Girolamo Ticciati (1676–1744) was an Italian sculptor and architect.

Life

Born in Florence, Girolamo attended the Academy Toscana Granducale in Rome and studied under the Florentine sculptor Giovanni Battista Foggini.

In 1708 he moved to Vienna, where he became a sculptor and architect to the imperial court. He later returned to Florence, where he had great influence over intellectual life. He was a member of Florence's La Colombaria; a society carrying out historical, philological and scientific studies.

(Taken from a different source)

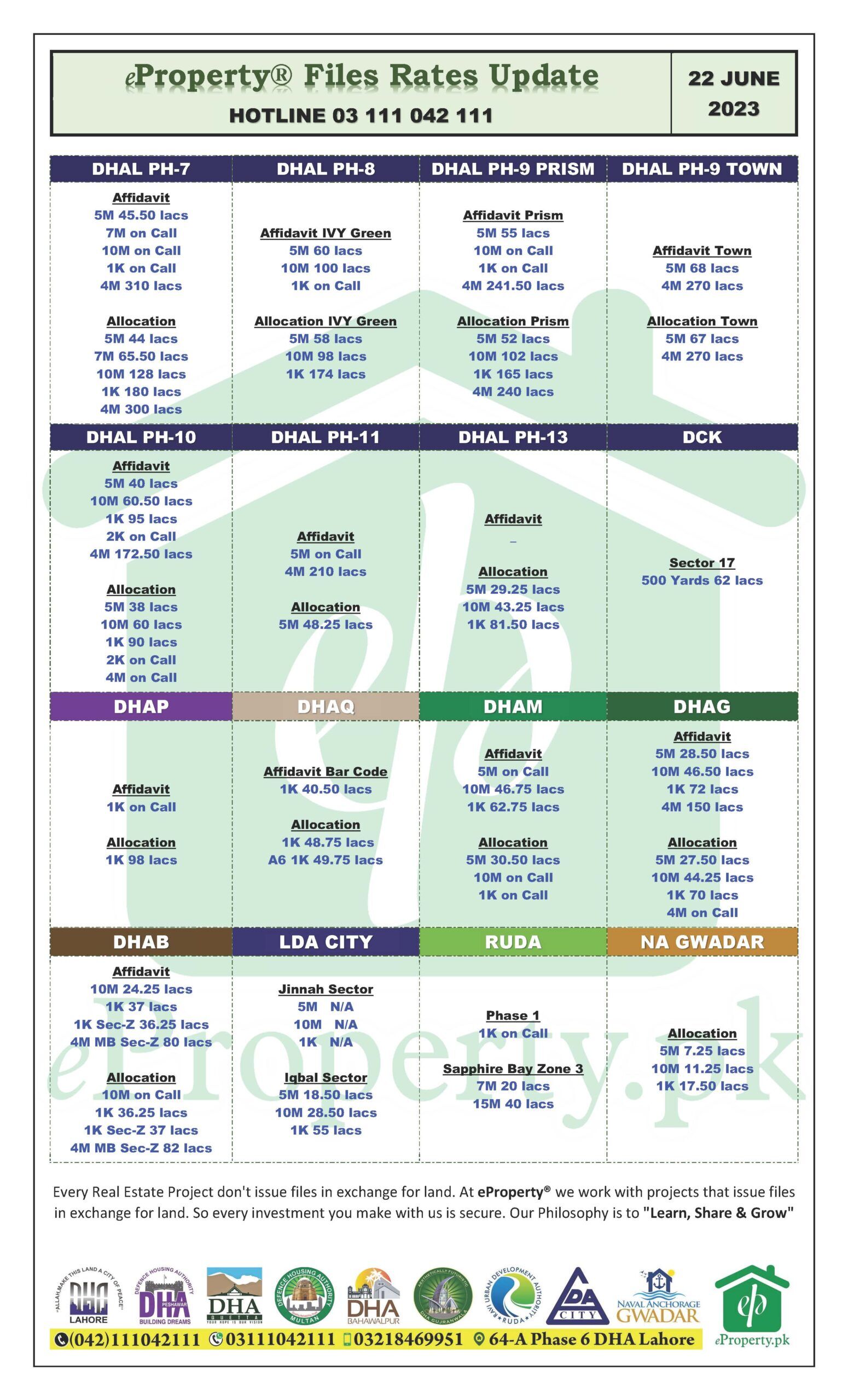 eProperty daily files rates update for DHA Lahore, DHA Karachi, DHA Peshawar, DHA Quetta, DHA Multan, DHA Gujranwala, DHA Bahawalpur, RUDA, LDA City and Naval Anchorage Gwadar as on 22 June 2023.

Ticciati's work can be seen throughout Italy and in major churches including the Santi Vicenzo e Caterina de' Ricci, Prato, where a series of framed relief sculptures stand above the altar and nave.

In Sotheby's 2010 'The Winter Collection', Ticciati's terracotta piece 'Relief with the Adoration of the Magi' was auctioned and sold at £87,5000. The catalogue states Ticciati is 'emerging as a defined personality' in the continuing reassessment of sculpture from the late Baroque period.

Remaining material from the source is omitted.